Although reasonable worst-case scenarios were avoided, there was a significant material hit to trade, particularly in the first two months of 2021. UK exports later recovered, but not fully – some sectors such as clothing and food are still experiencing difficulties. Total UK-EU trade missed out on a global rebound in trade in 2021 and remained at the very low levels seen in 2020.
Director General of the BCC, Shevaun Haviland, commented on the findings, “While the data does suggest, one year into the implementation of the deal, that trade is becoming more difficult rather than smoother, we do believe there are solutions which can improve conditions for our import and export businesses. These data certainly do illustrate that the issues with the TCA are not ‘teething problems’ but more structural defects that, whilst fixable, if not attended to will lead to long term damage to our import and export sectors.”

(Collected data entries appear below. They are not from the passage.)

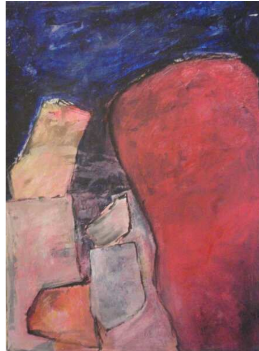
Bild 33, Mystischer Planet, 60 x 80 Acryl auf Leinwand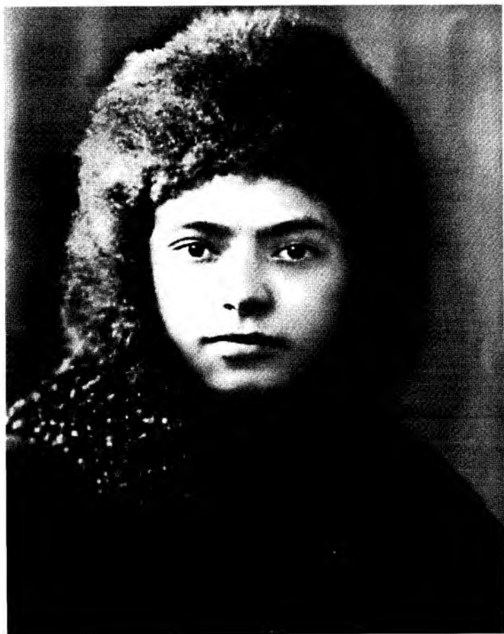
Ойбек. Ленинград, 1929 йил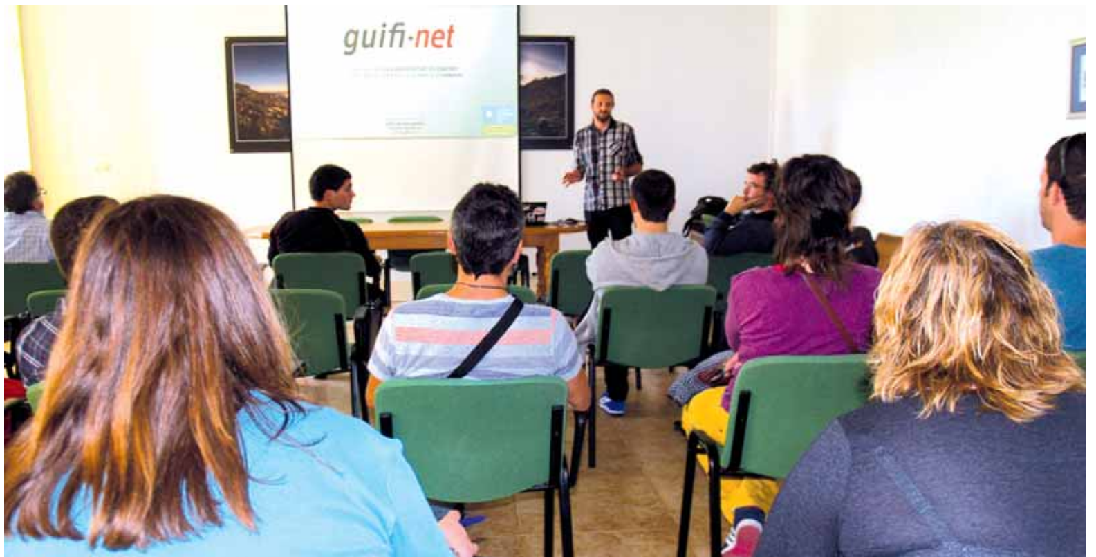
Sakanako Garapen Agentziak eta Guifinet fundazioak landu dute epe motz ertainerako telekomunikazio proposamena.

Etxarrin sinadura bilketa hasi dute >> 8

She continued, “We hope that these figures, along with our report detailing the experiences of businesses and suggesting ways forward, will provide an opportunity for an honest dialogue about how we can improve our trading relationship with the EU.”
Decline in UK air travel
A new report from aviation analytics firm Cirium has provided insight to the devastating impact of the pandemic on international travel, showing a 71% decline in international flights in and out of the UK in 2021 and a decline of almost 60% in UK domestic flights. Although the US only reopened its borders to UK travellers in early November, the busiest international route was between Heathrow and New York’s JFK Airport.
In the last trading week of the year, despite escalating virus cases, stocks were supported by hopes that the Omicron variant is milder, potentially limiting the economic impact. The FTSE 100 recovered to pre-pandemic levels and ended the year up 14.3%, registering its best annual gain for five years. In the US, the Dow Jones closed the year up 18%. Brent crude closed the year trading at around $78 a barrel, an annual gain of over 51%. The price was lifted by higher demand and cautious production increases by OPEC+.
Plan B to continue
In a Downing Street briefing on Tuesday, Boris Johnson said he hopes England can “ride out” the Omicron wave without further restrictions and announced plans for critical workers to take daily virus tests.